How to cite: Kratz J and Strasser C. Data publication consensus and controversies [v1; ref status: approved with reservations 1, http://f1000r.es/3ag] F1000Research 2014, 3:94 (doi: 10.12688/f1000research.3979.1)
© 2014 Kratz J and Strasser C.
This is an open access article distributed under the terms of the Creative Commons Attribution Licence, which permits unrestricted use, distribution, and reproduction in any medium, provided the original work is properly cited.
Data associated with the article are available under the terms of the Creative Commons Zero "No rights reserved" data waiver (CC0 1.0 Public domain dedication).
No competing interests were disclosed.
First published: 23 Apr 2014, 3:94 (doi: 10.12688/f1000research.3979.1)
Latest published: 16 Oct 2014, 3:94 (doi: 10.12688/f1000research.3979.3)
Introduction: what does data publication mean?
The idea that researchers should share data to advance knowledge and promote the common good is an old one, but in recent years the conversation has shifted from sharing data to “publishing” data1–3. This shift in language stems from the conviction that datasets should join the scholarly record and be afforded the same first class status as traditional research products like journal articles4. While many in the scholarly communication community share this goal, different people and organizations often imply different things by the phrase data publication.

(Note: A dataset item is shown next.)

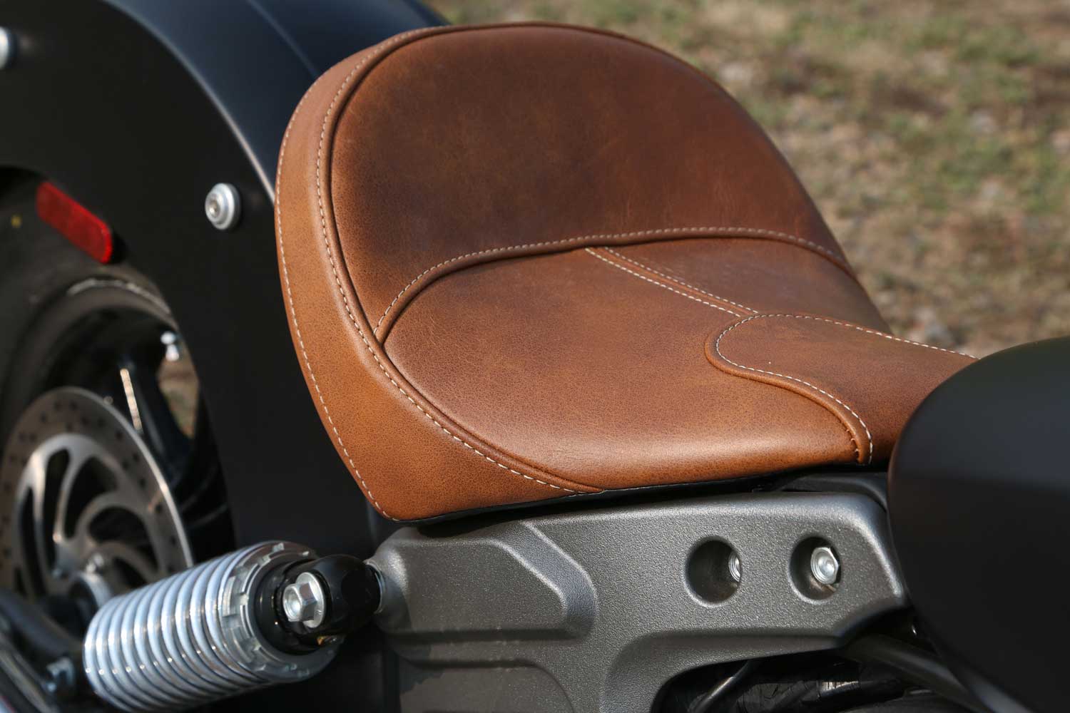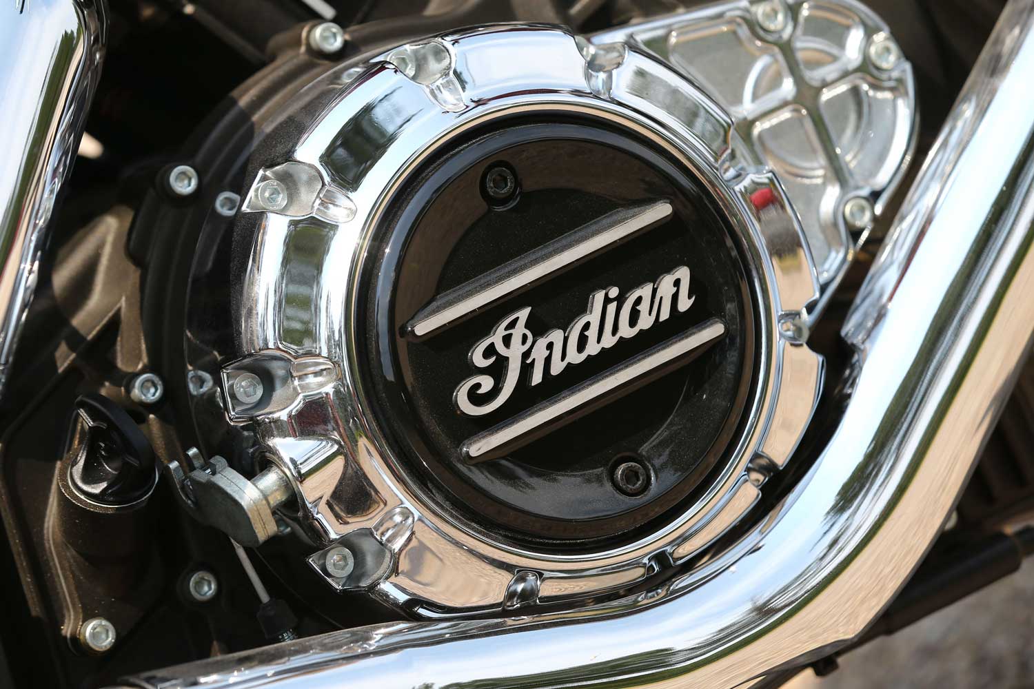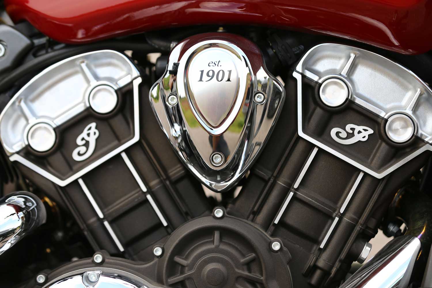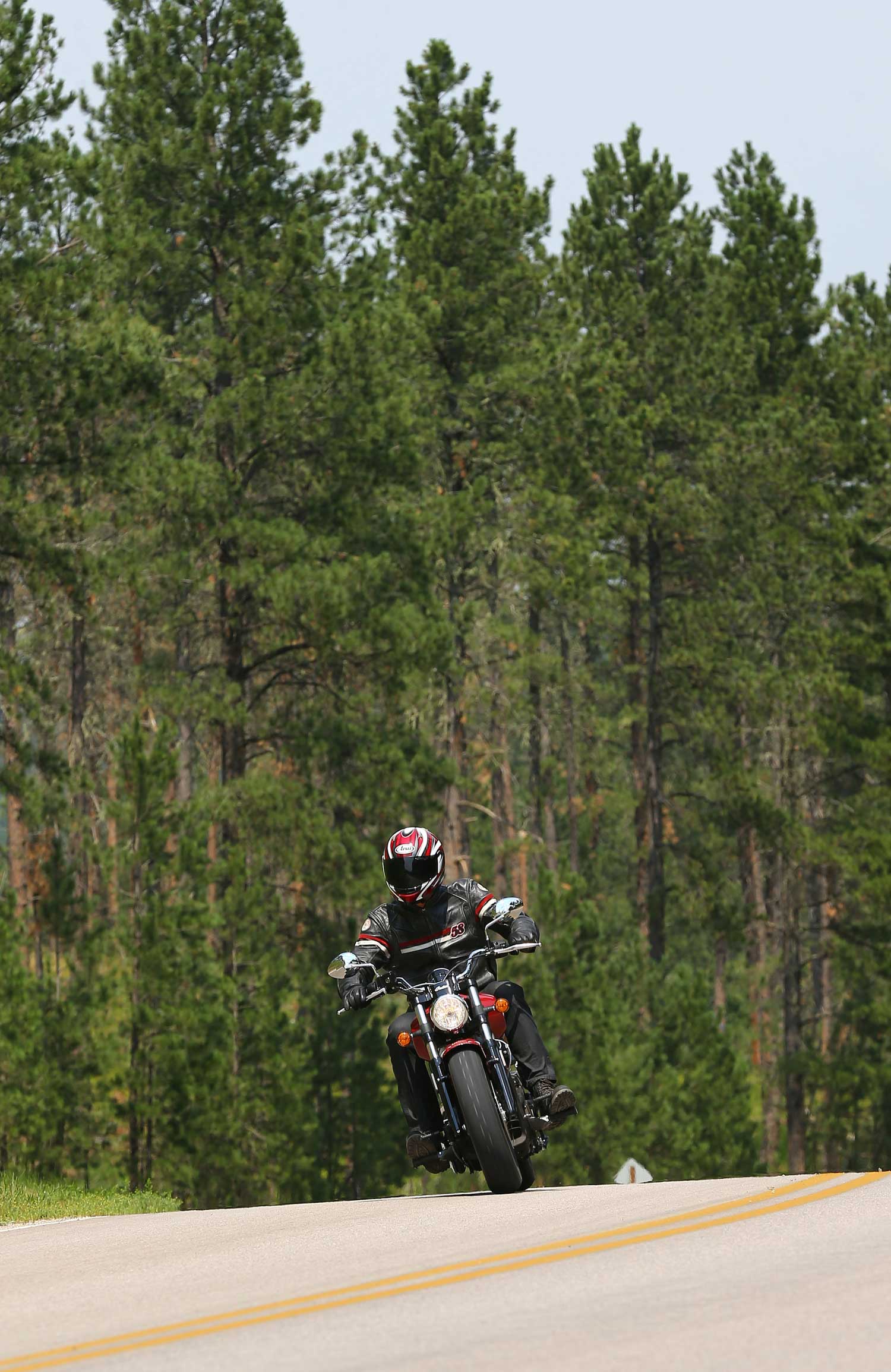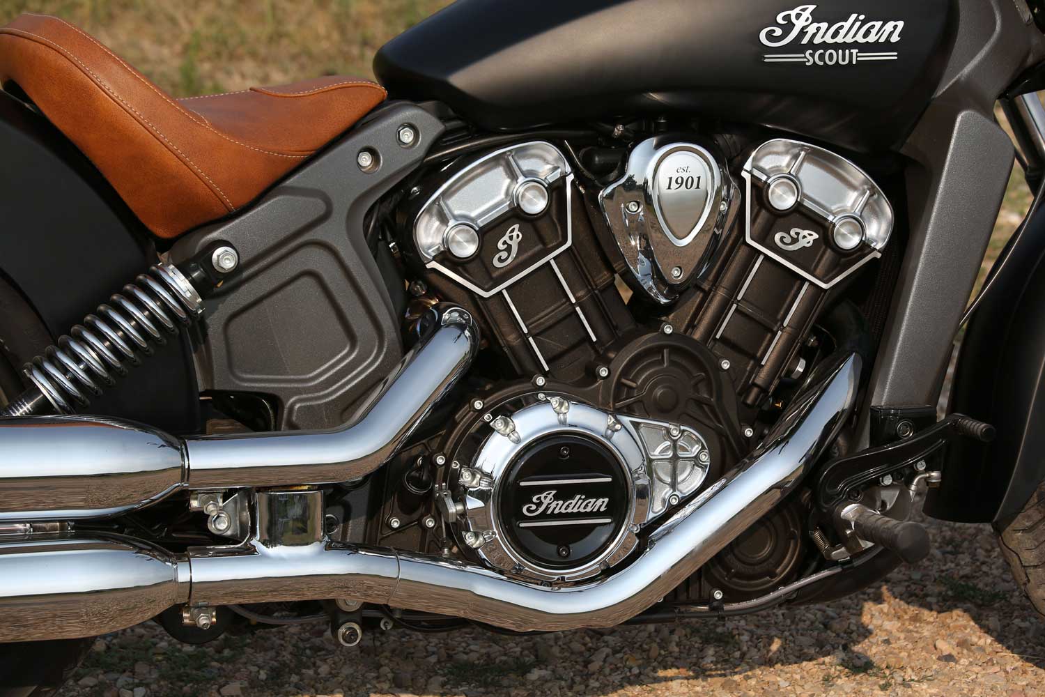 It’s a far cry from the Chief’s old-school air-cooled, pushrod-operated V-twin, which set its cylinders at a 49-degree angle because that was the closest that Indian’s engineers could get to the traditional 42 degrees. The liquid-cooled Scout has a wider, 60-degree cylinder angle, eight valves and DOHC operation, allowing better breathing for an injection system that is controlled by ride-by-wire throttle. There’s no attempt to add unnecessary cooling fins; instead the Scout’s engine cases are sculpted to show the shape of the components within.

The community largely agrees on two essential properties of a data publication2,4. First, published data is publicly available now and for the indefinite future; access might demand payment of fees or acceptance of a legal agreement, but not the approval of the author. Second, like a book or journal article, a data publication can be formally cited. Open questions flock around a third property: how and to what extent a published dataset must be validated. In an effort to clarify the terminology, Callaghan et al. (2012)4 draw a distinction between data that has been shared, published (lower-case “p”), or Published (upper-case “P”): shared data is available, published data is available and citable, and Published data is available, citable, and validated. In practice, availability is usually satisfied by depositing the dataset in a repository, citability by assigning a persistent identifier (e.g. a Digital Object Identifier, or DOI), and validity by peer review.
Why publish data?
The underlying goals of data publication are to enable research to be reproduced and data to be reused. Hidden primary data exacerbates science’s very public “reproducibility crisis”5–9, most recently illustrated by the collapse of a pair of irreproducible Nature articles describing a simple method to transform somatic cells into pluripotent stem cells10,11. Widespread publication of the data underlying research papers could help expose both honest errors and fraud12. The leaders of the US National Institutes of Health (NIH) recently cited “provid[ing] greater transparency of the data that are the basis of published manuscripts” as one way to improve scientific reproducibility13.
Journals already frequently require authors to supply underlying data on request. In 2011, Alsheikh-Ali et al.14 found that 88% of high-impact journals required a statement regarding the availability of underlying data; half of those made willingness to provide data a condition of publication. However, the authors of 59% of papers examined in the study failed to adhere to the availability instructions. Vines et al. (2014)15 could only obtain underlying data from 101 of 516 papers published from 1991 to 2011. Availability dropped off sharply with time; data could be obtained from only two of the 62 oldest papers. Now, some journals require that underlying data be published simultaneously with the article.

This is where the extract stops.